Konzipierung von Forderungspfändungen für öffentlich-rechtliche Geldforderungen  

30-08-2021 - 31-08-2021 (09:00 - 16:00 Uhr)

Anmeldung geschlossen

Seminar-Informationen

Frei zu formulierende Forderungspfändungen nehmen mittlerweile einen breiten Raum in der Verwaltungsvollstreckung ein. Wenn Forderungspfändungen falsch oder unzureichend ausformuliert werden, greifen diese Maßnahmen nicht oder nur teilweise. Auch bei Standardpfändungen wie Lohn- und Kontenpfändungen gilt es manches zu beachten. Gerade bei Kontenpfändungen spielt auch das Thema Geldwäsche eine große Rolle. Neben umfänglichen Mustern für zahlreiche Pfändungsbereiche vermittelt das Seminar auch die Berechnung pfändbarer Beträge.

Seminarteilnehmende

Kommunale Vollstreckungsbehörden, Forderungsmanagement, Kämmerei

 

Schwerpunkte

1.        Die Grundlagen für Forderungspfändungen; was sagt „mein“ Verwaltungsvollstreckungsgesetz?

2.        Welche Vorschriften aus der ZPO und/oder AO muss ich beachten?

3.        Wer kann sich auf die Unpfändbarkeit von Ansprüchen berufen?

4.        Pfändung in P-Konten – warum nicht? Ausblick auf geplante Rechtsänderungen.

5.        Die Pfändung, wenn „Dritte“ für den Schuldner Konten halten (die „Oma-Enkel-Nummer“).

6.        Die Besonderheiten des Geldwäschegesetzes und die Mitbeteiligung des Geldwäschebeauftragten des hauseigenen Kreditinstitutes.

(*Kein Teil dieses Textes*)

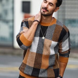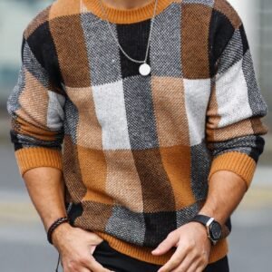Men’s Plaid Knit Sweater – Classic Round Neck Casual Style
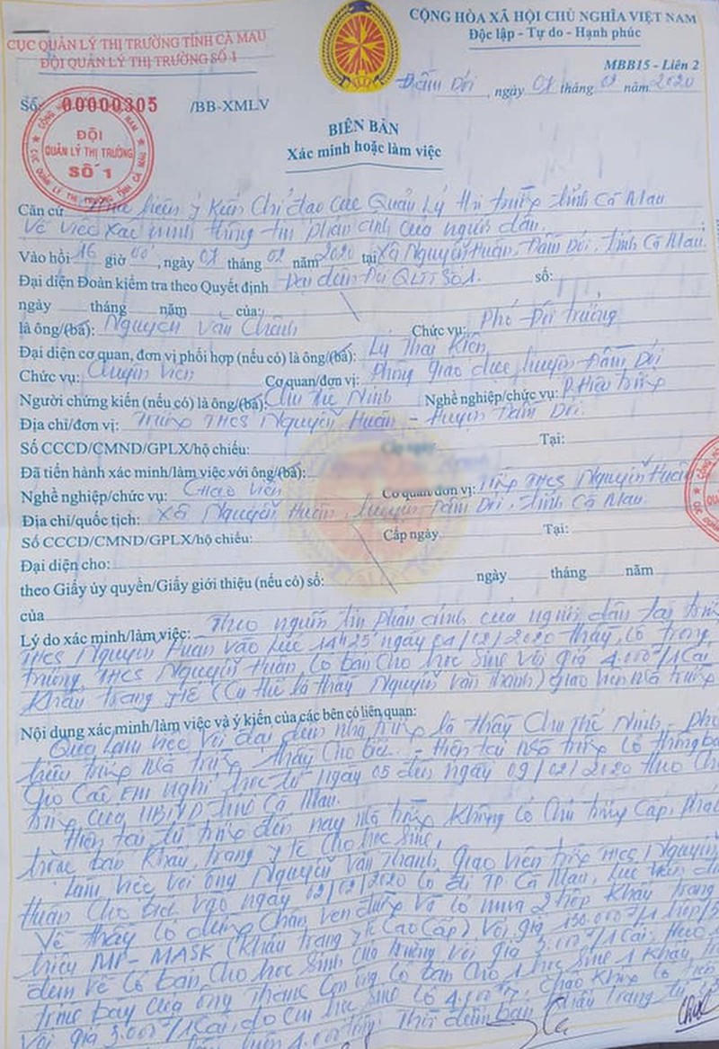 Sự thật phía sau biên bản xác minh vụ thầy giáo bán khẩu trang ở Cà Mau

7.        Wie pfände ich: Mieteinnahmen, Nebenkostenrückzahlungen, Mietkautionen, Ansprüche aus Lieferungen und Leistungen, Einkünfte eines Selbständigen (z. B. Versicherungsmakler),
Eigentümergrundschulden, Kaufpreispfändungen, Notaranderkonten. Mustertexte werden gestellt.

8.        Die abzugebende Drittschuldnererklärung – was muss der Drittschuldner konkret angeben?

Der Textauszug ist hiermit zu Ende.